Is there a way to scrape the data and decrease runtime?
Code is below:
import requests
import lxml.html as lh
import pandas as pd
import time
from selenium import webdriver
from selenium.webdriver.common.keys import Keys
import time
# Team list
team_ls = ['Arizona Cardinals','Atlanta Falcons','Baltimore Ravens','Buffalo Bills','Carolina Panthers','Chicago Bears','Cincinnati Bengals',
'Cleveland Browns','Dallas Cowboys','Denver Broncos','Detroit Lions','Green Bay Packers','Houston Texans','Indianapolis Colts',
'Jacksonville Jaguars','Kansas City Chiefs','Las Vegas Raiders','Los Angeles Chargers','Los Angeles Rams','Miami Dolphins','Minnesota Vikings','New England Patriots',
'New Orleans Saints','New York Giants','New York Jets','Philadelphia Eagles','Pittsburgh Steelers','San Francisco 49ers','Seattle Seahawks',
'Tampa Bay Buccaneers','Tennessee Titans','Washington Redskins']
# Format list for URL
team_ls = [team.lower().replace(' ','-') for team in team_ls]
# Changes the year parameter on a given pages
def next_year(driver, year_idx):
driver.find_element_by_xpath('//*[@id="main-dropdown"]').click()
parentElement = driver.find_element_by_xpath('/html/body/app-root/app-nfl/app-roster/div/div/div[2]/div/div/div[1]/div/div/div')
elementList = parentElement.find_elements_by_tag_name("button")

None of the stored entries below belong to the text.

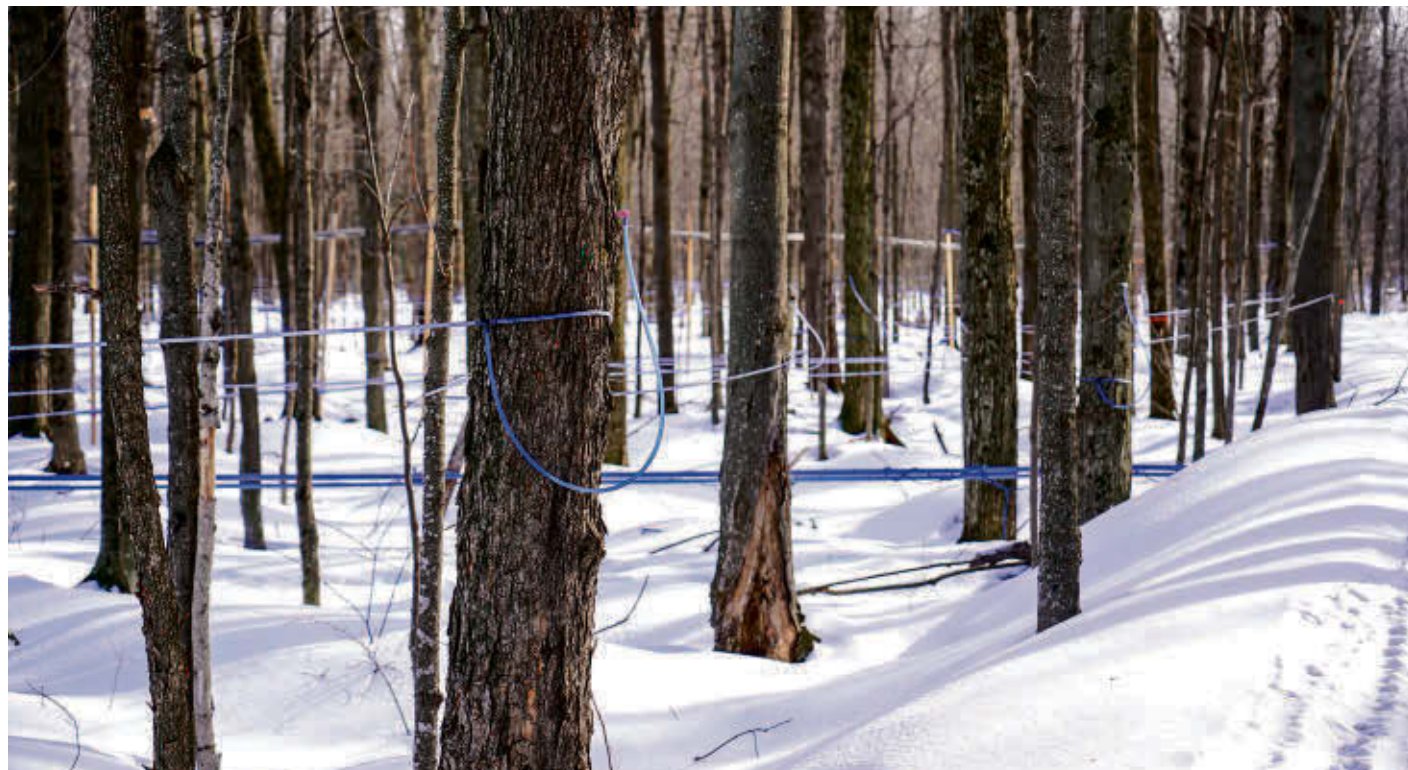
Des dizaines de mètres de tubes courant d'un érable à l'autre agrémentent le paysage des érablières.

Du côté de la cabane à sucre Au bec sucré à Valcourt, où les groupes peuvent profiter d'un buffet à volonté depuis le 25 février, la salle à manger de 140 places est déjà à pleine capacité pour toutes les fins de semaine du
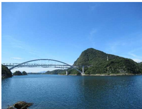
三角から見た天草1号橋と飛岳国有林 (飛岳国有林319林班)

上天草市は熊本県の西部に位置する天草諸島の上島に位置しています。総面積(12,694ha)の60%(7,609ha)が森林です。そのうちの国有林野は3.0%(249ha)です。その62%が山地災害防止タイプの土砂流出崩壊防備エリア、38%を水源涵養タイプに区分し管理経営を行っています。
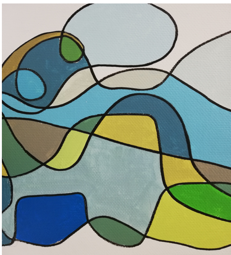
Extrait de peinture murale réalisée par Nelly Nahon au CATTP de l'hôpital R. Ballanger à Aulnay sous Bois

Seront abordées au cours de l'après-midi les différentes pratiques soignantes quotidiennes en service de pédopsychiatrie pour les enfants avec TSA, en dehors des situations d'urgence et d'évaluation afin de mettre en valeur le travail au long cours des équipes dans sa dimension thérapeutique.
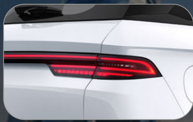
ไฟท้ายแบบ FULL LED พร้อมไฟเลี้ยวแบบ SEQUENTIAL
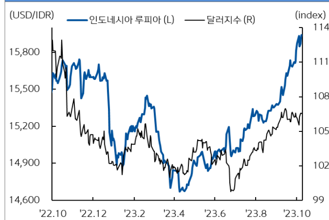
인도네시아 루피아 환율과 달러지수 추이
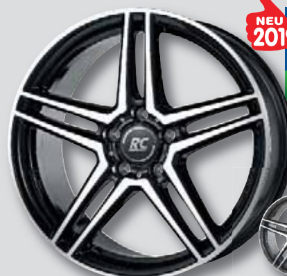
NEU 2019 RC D17 schwarz Front poliert

6,5 x 16 7,5 x 17 6,5 x 17 8,0 x 18 7,0 x 17 8,5 x 19
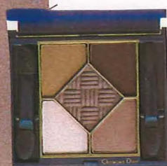
アイライナー&アイカラー アイシャドウ3色 アイライナー2色の組み合わせ
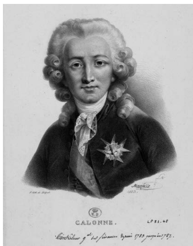
Шарль-Александр де Калонн. Эстамп с портрета кисти Э. Вижэ-Лебрён

мало-мальски конфликтными ситуациями, опасался резких действий после того, как в 1774–1776 годах финансовые реформы его министра Тюрго вызвали активное сопротивление аристократии с Парижским парламентом во главе. Однако зияющая дыра в бюджете вынуждала Калонна идти на решительные шаги, даже рискуя навлечь на себя ненависть привилегированных сословий.
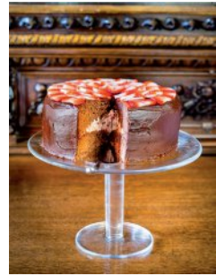
Bild 21 Seite 152 Schokoladenkuchen mit Sahne und Erdbeeren
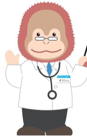
イメージキャラクター オランくん

2021年1月4日(月)より、八日市コースの時刻を変更いたします。 ご確認のうえご利用いただきますよう、 お願い申し上げます。
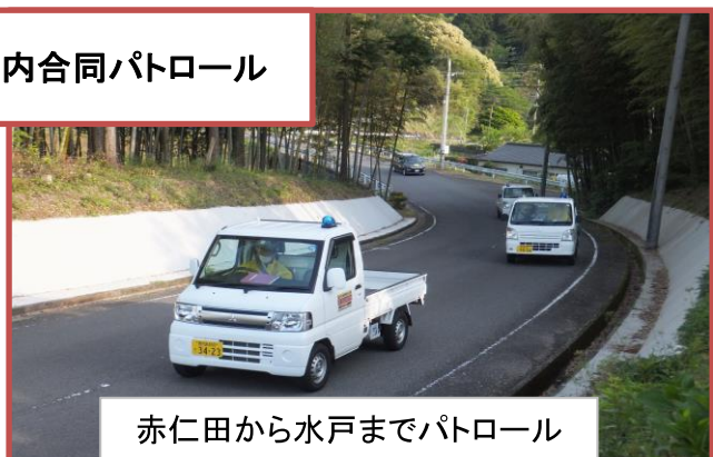
赤仁田から水戸までパトロール
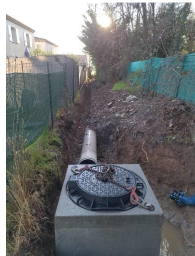
Réseau basse pression mis en place lors de l'hiver 2021/2022 à Villeneuve, Le Thor

De même pour le canal maître, de nombreux ouvrages de régulation et de télégestion ont été mis en place afin d'adapter au mieux les prélèvements et le transport d'eau. De plus, certaines sections ont été cuvelées afin de réduire les pertes d'eau par infiltration.
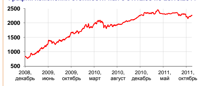
График изменения стоимости пая с 31.12.08 по 28.10.2011

Общество с ограниченной ответственностью «Управляющая компания ПРОМСВЯЗЬ» осуществляет инвестиционную деятельность на основании следующих лицензий: лицензия на осуществление деятельности по управлению ИФ, ПИФ и НПФ № 21-000-1-00096 от 20 декабря 2002 года, выдана ФСФР России, лицензия профессионального участника рынка ценных бумаг на осуществление деятельности по управлению ценными бумагами № 077-10104-001000 от 10 апреля 2007 года, выдана ФСФР России.
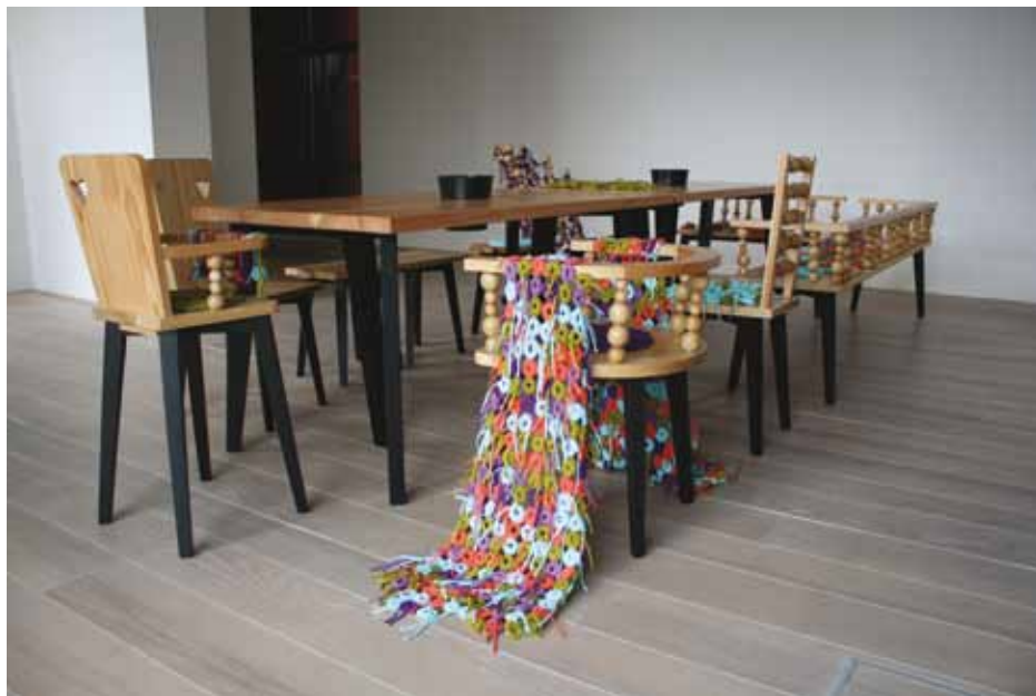
Gostujoči umetniški projekt Cvetnoetno . (Dokumentacija SEM)

Gostujoči umetniški projekt etno pohištva je povezal sodobno oblikovanje s slovensko kulturno dediščino in tradicionalnimi znanji s področja lesarstva in tekstilstva.
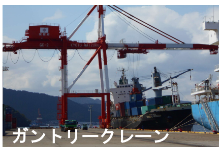
ガントリークレーン

当社では上記の様な特殊な重機を扱っております。機械好きで特殊な重機を扱いたい方はぜひ応募下さい。
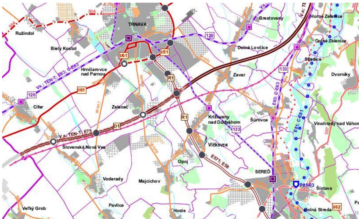
Mapa 1 Dopravné vzťahy
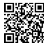
4回目接種券 発行申請フォーム （基礎疾患等）

（送付先）〒517-0022 鳥羽市大明東町2番5号 鳥羽市健康福祉課 新型コロナウイルスワクチン接種対策チーム宛
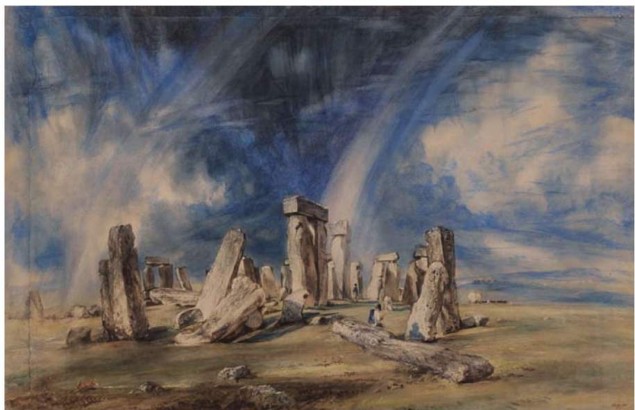
图 1-16 《巨石阵》 约翰·康斯太勃尔

假的程式化绘画，曾说：“世界是广阔的，没有两天是一样的，甚至两个小时也不一样……真正的艺术品，就像那些自然作品一样，彼此是不同的。”他用朴实的手法创作了许多水色淋漓、自然生动、感人至深的水彩画作品。其作品真实、生动地表现了瞬息万变的大自然景色，与当时学院派的虚假、呆板形成鲜明对比，也因此遭到排挤与批评。康斯太勃尔的作品在法国却受到了欢迎，并影响了巴比松画派和后来的印象派画家。他生前没有以水彩画家的身份受到关注，直到 20 世纪才为世人所公认。（图 1-16）
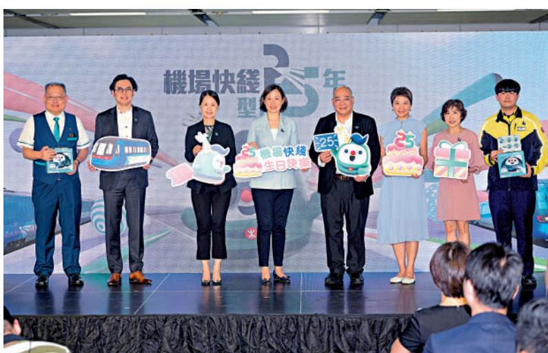
▲港鐵宣布送出7.5萬張機場快綫單程票，慶祝機場快綫投入服務25周年。

港鐵宣布明日起重開國泰航空在香港站的市區預辦登機服務，服務時間為每日上午6時至下午3時，而九龍站預辦登機服務仍暫停，港鐵表示將與相關航空公司商討其市區預辦登機服務重啟的安排。

elementList[year_idx].click()
time.sleep(3)
# Create scraping function
def sel_scrape(driver, team, year):
# Get main table
main_table = driver.find_element_by_tag_name('table')
# Scrape rows and header
rows = [[td.text.strip() for td in row.find_elements_by_xpath(".//td")] for row in main_table.find_elements_by_xpath(".//tr")][1:]
header = [[th.text.strip() for th in row.find_elements_by_xpath(".//th")] for row in main_table.find_elements_by_xpath(".//tr")][0]
# compile in dataframe
df=pd.DataFrame(rows,columns=header)
# Edit data frame
df['Merge Name'] = df['Name'].str.split(' ',1).str[0].str[0] + '.' + df['Name'].str.split(' ').str[1]
df['Team'] = team.replace('-',' ').title()
df['Year'] = year
return df
url='https://www.lineups.com/nfl/roster/'
df = pd.DataFrame()
years = [2020,2019,2018,2017]
start_time = time.time()
for team in team_ls:
driver = webdriver.Chrome()
# Generate team link
driver.get(url+team)
# For each of the four years
for idx in range(0,4):
print("Starting {} {}".format(team, years[idx]))
# Scrape the page
df = pd.concat([df, sel_scrape(driver, team, years[idx])])
# Change to next year
next_year(driver, idx)
driver. close()
print("--- %s seconds ---" % (time.time() - start_time))
df.head()